Based on these statements it seems the massive slowdown is caused by the “noise swap”? If so, could you post the code you are using for this tranformation so that we could check why it’s so slow?

1 Like

@ptrblck here is my code , i noticed my code is not utilising GPU , though i am assigning device as GPU to model as well as dataset

class SwapDataset:
    def __init__(self, features, noise,batch_size):
        self.features = features
        self.noise = noise
        self.batch_size = batch_size
    def __len__(self):
        return (self.features.shape[0])
    def __getitem__(self, idx):
        sample = self.features[idx, :].copy()
        sample = self.features.copy()
        sample = self.swap_sample(sample)
        dct = {
            'x' : torch.tensor(sample[idx, :], dtype=torch.float).to(device),
            'y' : torch.tensor(self.features[idx, :], dtype=torch.float).to(device)
        return dct
    def swap_sample(self,sample):
        num_samples = self.features.shape[0]
        num_features = self.features.shape[1]

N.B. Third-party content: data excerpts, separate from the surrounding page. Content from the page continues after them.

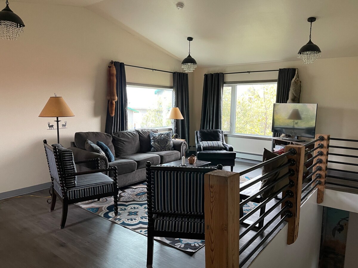 Potpuno novi dupleks koji se nalazi u ulici Ptarmigan, udaljen od centra Betela. Sve u jedinici je novo. Spavajte u oblaku kao da ste u luksuznom ambijentu uz dušek od 12 inča koji služi za opuštanje tokom noći. Opustite se u vrlo udobnom naslonjaču Leather Power i ljubavnom sedištu. Pripremite se i večerajte u kuhinji pune veličine. Pratite svoje zadatke i zadatke tako što ćete koristiti naš radni prostor/stolicu i besplatan Wi-Fi. Uživajte i gledajte svoje emisije uz "50" 4K Ultra HD Smart led TV!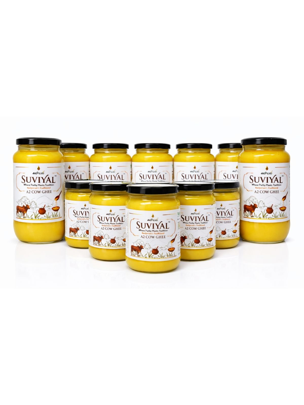 Bring home the true essence of Rasipuram with Suviyal A2 Cow Ghee. Crafted in the dairy-rich region of Rasipuram, our ghee carries the same purity, aroma, and traditional taste that households here have enjoyed for generations.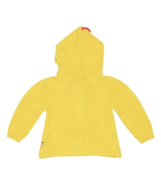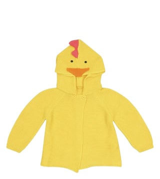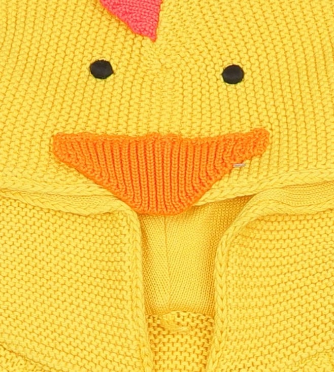Everyday style gets a fun twist with this hooded cardigan. Featuring a knitted construction, it showcases a delightful chick motif that adds a playful touch. Designed with a comfortable hood, it balances charm and practicality seamlessly. Perfect for kids who love cheerful patterns and cozy layers.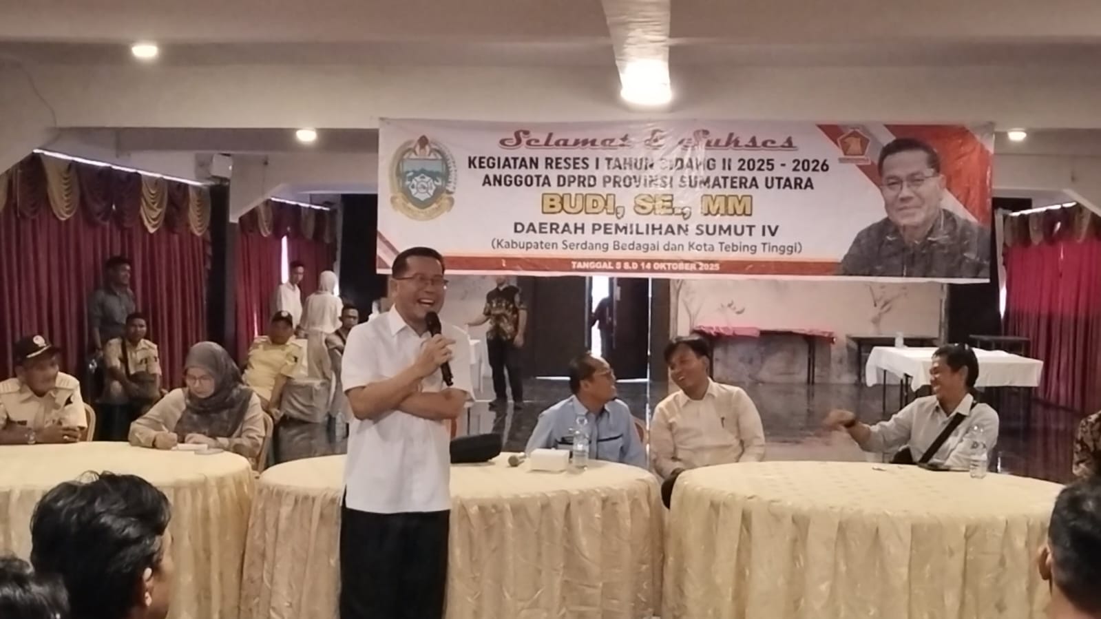 Tebingtinggi, Sumut. OPSINEWS.COM - Anggota DPRD Provinsi Sumatera Utara Fraksi Gerindra, Budi SE menggelar reses 1 tahun Sidang ll 2025 - 2026 yang dihadiri ratusan masyarakat di Aula Hotel Amanda, di jalan Dr Sutomo, Kota Tebingtinggi, Kamis (9/10/2025) sekitar pukul 16.00 WIB.

        if len(sample.shape) == 2:
            # batch_size = sample.shape[0]
            random_row = np.random.randint(0, num_samples, size=self.batch_size)

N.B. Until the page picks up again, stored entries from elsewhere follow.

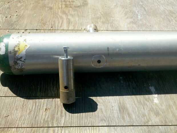 1. Coloque un tubo de acero cilindro de oxígeno y de la marca donde el cilindro se encuentra con tubo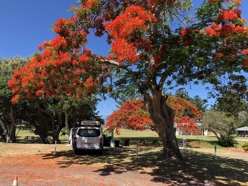 Rockhampton ist eine eher schäbige Industriestadt, da habe ich aber nochmal einen Termin bei einem Physiotherapeuten, der meinem doch sehr lädierten Rücken etwas Linderung zu verschaffen weiß. Ich kombiniere das Schöne mit dem Notwendigen und bleibe jetzt für zwei oder drei Nächte in Emu Park, einem kleinen Örtchen an der Küste, das einen wirklich schönen, entspannten, ruhigen und malerischen Eindruck macht. Die Auswahl meines Stellplatz auf dem Campingplatz macht richtig was her, auch wenn mir die Nachbarn schon erzählt haben, dass einem deutschen Paar, das hier vorher stand, heute früh aus dem roten Baum (weiß jemand, was das für einer ist?) eine kleine Schlange auf den Frühstückstisch gefallen ist. Ich hoffe einfach mal, dass die Frau das Vieh in Flucht gekreischt hat.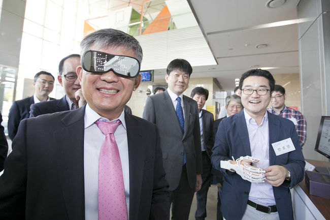 경기센터 육성기업 사업지원 멘토링데이 행사에 참여한 7개 기업 제품을 소개하고 KT CR부문장 전인성 부사장(우측에서 여섯번째)와 임덕래 경기창조경제혁신센터 센터장(좌측에서 여섯번째)이 육성기업 업체 대표 및 직원들과 파이팅을 외치고 있는 모습. 아래는 KT CR부문장 전인성 부사장이 네오펙트의 ‘스마트 LED 글라스’를 시연하고 있는 모습. /KT 제공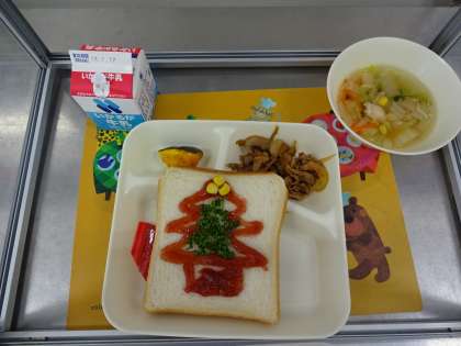 「牛乳・食パン・いちごジャム・豚肉のケチャップソテー・はくさいのスープ・焼きかぼちゃ」でした。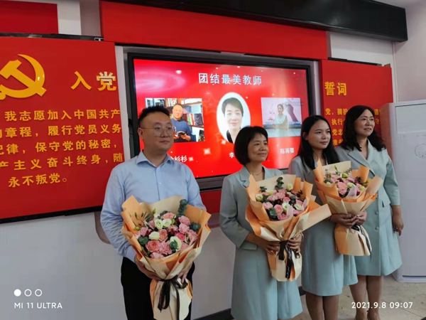 為選樹(shù)先進(jìn)典型榜樣,校區(qū)領(lǐng)導(dǎo)對(duì)公選出的“團(tuán)結(jié)最美教師”進(jìn)行頒獎(jiǎng)。校區(qū)執(zhí)行校長(zhǎng)劉彥霞也號(hào)召全體教師以這些身邊先進(jìn)典型為榜樣,不忘為黨育人、為國(guó)育才的教育初心,在新時(shí)代社會(huì)主義建設(shè)中擔(dān)當(dāng)起育人使命。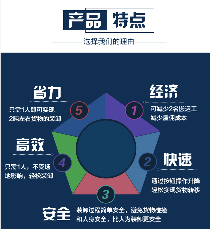 省力:货物基本以卡板、桶为载体,只需一人即可实现货物轻松装卸,大大减少了劳动强度,使装卸更具人性化。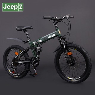 Jeep 접이식 자전거 20인치 폴딩바이크 자동차 트렁크에 실을 수 있으며 남녀 공용 성인 통근 변속 자전거, 20 플라잉 타이거 아미 그린 프로, 1개

            for i in range(self.batch_size):
                random_col = np.random.rand(num_features) < self.noise
                sample[i,random_col] = self.features[random_row[i], random_col]
            batch_size = 1
            random_row = np.random.randint(0, num_samples, size=self.batch_size)
            random_col = np.random.rand(num_features) < self.noise
            #sample[:,random_col] = self.features[random_row, random_col]

        return sample

device   = torch.device('cuda' if torch.cuda.is_available() else 'cpu')

train_dataset = SwapDataset(X1,0.02,batch_size=1000) # Swapping data 
data_loader   =, batch_size=1000, shuffle=False)

Based on your descriptions, you might be creating bottlenecks in the data processing, so a low GPU utilization might be expected.
Could you remove the GPU usage from the Dataset and profile the “swap” code?
I don’t know how large your tensors are, but it seems you are copying the entire self.features in each call and are also overwriting the previously indexed sample?